I found out about multicolumn indexes but I'm not sure about the impact. Example:
We have SQLs on findById
, findByIdAndStatus
, findByResult
.
It says that the most used on WHERE
should be listed first in the columns list. But I was wondering if it'll have a huge impact if I create an index on different combinations where clauses.
This: (creating one index for all)
CREATE INDEX CONCURRENTLY ON Students (id, status, result)
vs.
This: (creating different indexes on different queries)
CREATE INDEX CONCURRENTLY ON Students (id)
CREATE INDEX CONCURRENTLY ON Students (status)
CREATE INDEX CONCURRENTLY ON Students (result)
Thank you so much in advance!
Upvotes: 15
Views: 18618
Reputation: 246163
The rule of thumb you read is wrong.
A better rule is: create such an index only if it is useful and gets used often enough that it is worth the performance hit on data modification that comes with every index.

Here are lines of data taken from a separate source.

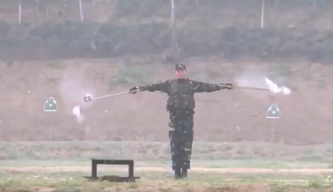 Επικίνδυνες δουλειές, υπάρχουν πολλές. Στο βίντεο από την Κίνα μία απ΄ αυτές! Ελεύθεροι σκοπευτές εκπαιδεύονται σε πεδίο βολής. Οι στόχοι είναι μπαλόνια που κρατά στα δυο του χέρια ένας στρατιωτικός! Πρέπει να πετύχουν τα μπαλόνια κι όχι τον συνάδελφό τους! Τολμηρή και η γυναίκα στρατιωτικός η οποία περπατά μπροστά από τους στόχους την ώρα που οι ελεύθεροι σκοπευτές πυροβολούν! Κι αυτό μέρος της εκπαίδευσης που σίγουρα την λες ρεαλιστική!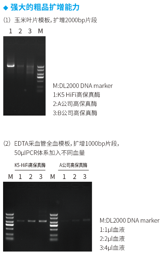 K5 HiFi DNA Polymerase是基于Pfu DNA Polymerase改造而成的“超保真快速DNA聚合酶”,具有極高的擴增效率和廣泛的模板適應(yīng)性。K5 HiFi DNA Polymerase保真度是普通Taq酶的81倍,擴增速度可以達(dá)到15秒/kb。 使用λDNA、質(zhì)粒等簡單模板,可有效擴增長達(dá)40 kb的片段;使用基因組DNA等復(fù)雜模板,可擴增長達(dá)20 kb的片段;使用cDNA模板,可有效增長達(dá)10 kb的片段,即使是復(fù)雜模板,高GC模板,也能準(zhǔn)確快速的完成反應(yīng)。此外,對PCR抑制劑有良好的抵抗能力,可用于細(xì)菌、真菌、植物組織、動物組織或全血樣品的直接PCR。使用該產(chǎn)品得到的PCR擴增產(chǎn)物為平末端,不可以直接用于TA克隆。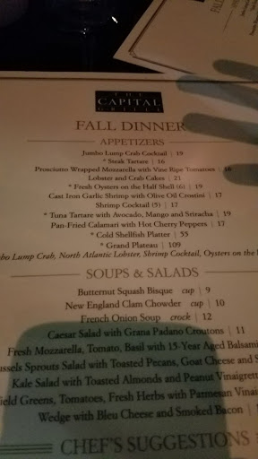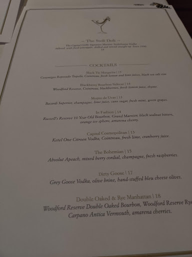 We were able to experience from a group perspective, how attentive the staff was,all the while, we were organizing a surprise birthday party! Overall the experience positive and absolutely delishious. Even the least expensive menu item had delicious portion size. Be prepared for classy experience at The Capitol Grille!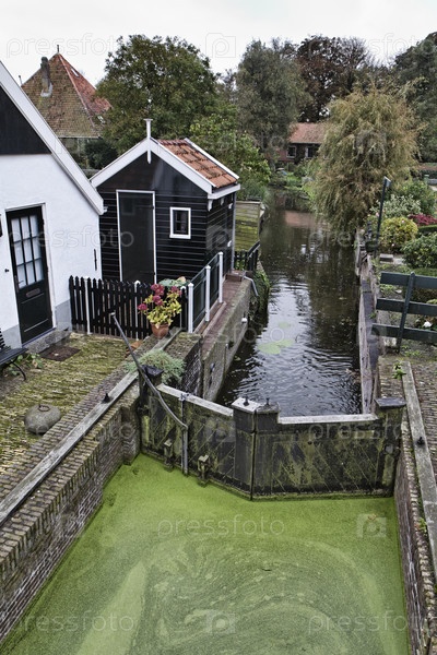 Голландия, деревня Эдам (Амстердам), типичный голландский каменный дом и канал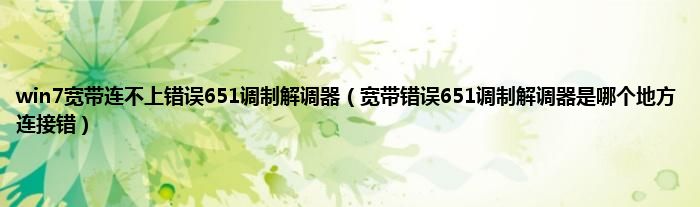 大家好,小常来为大家解答以上问题。win7宽带连不上错误651调制解调器,宽带错误651调制解调器是哪个地方连接错很多人还不知道,现在让我们一起来看看吧!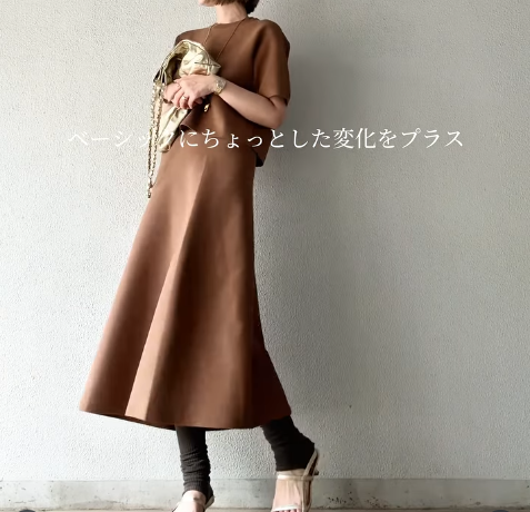 ブラウンのまろやかカラーは、肌なじみも良くて大人の女性におすすめ。足元にはトングサンダルとレギンス感覚のウォーマーを合わせて、少しだけスパイスをプラス。甘さを抑えてこなれた印象に仕上げています。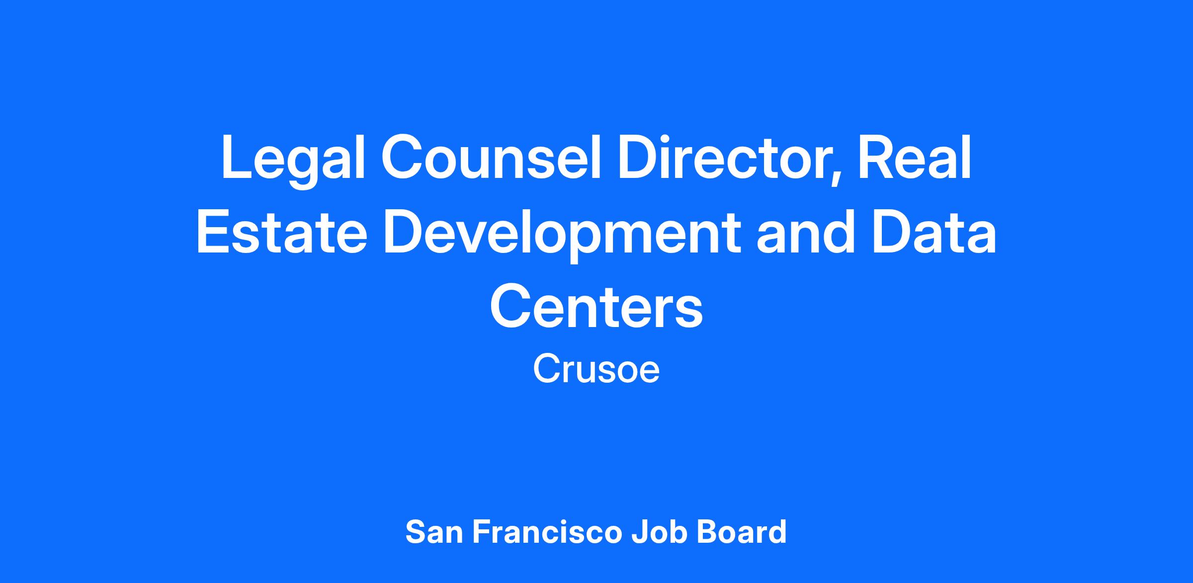 The Legal Counsel Director – Real Estate Development and Data Centers will play a key role in supporting the company’s large-scale real estate developments and project financings. Reporting directly to the Assistant General Counsel - Real Estate Development & Data Centers, the Legal Counsel will lead contract drafting,negotiation, and execution of real estate acquisition, power matters and project finance transactions and while working closely with cross-functional stakeholders to ensure timely and strategic legal support across all of Crusoe’s data center development projects.

A multi-column B-tree index on (a, b, c)
is useful in several cases:
if the query looks like this:
SELECT ... FROM tab
WHERE a = $1 AND b = $2 AND c <operator> $3
where <operator>
is an operator supported by the index and $1
, $2
and $3
are constants.
if the query looks like this:
SELECT ... FROM tab
WHERE a = $1 AND b = $2
ORDER BY c;
or like this
SELECT ... FROM tab
WHERE a = $1
ORDER BY b, c;
Any decorations in the ORDER BY
clause must be reflected in the CREATE INDEX
statement. For example, for ORDER BY b, c DESC
the index must be created on (a, b, c DESC)
or (a, b DESC, c)
(indexes can be read in both directions).
if the query looks like this:
SELECT c
FROM tab
WHERE a = $1 AND b <operator> $2;
If the table is newly VACUUM
ed, this can get you an index only scan, because all required information is in the index.
In recent PostgreSQL versions, such an index in better created as
CREATE INDEX ON tab (a, b) INCLUDE (c);
Upvotes: 6
Reputation: 4567
Creating one index for all and creating different indexes will have completely different impact on the queries.
You can use EXPLAIN to see if indexes are getting used for the queries.
This video is really good to know about DB indexes.
Index CREATE INDEX CONCURRENTLY ON Students (id, status, result) will be used only and only if query uses id, (id,status) or (id, status and result) in WHERE clause. a query with status in Where will not use this index at all.
Indexes are basically balanced binary trees. A multicolumn index will index rows by id, then rows ordered by id's are further indexes by status and then with result and so on. You can see that in this index, the ordering via status is not present at all. It is only available on rows indexed by the id's first.
Do have the look at video, it explains all this pretty well.
Upvotes: 16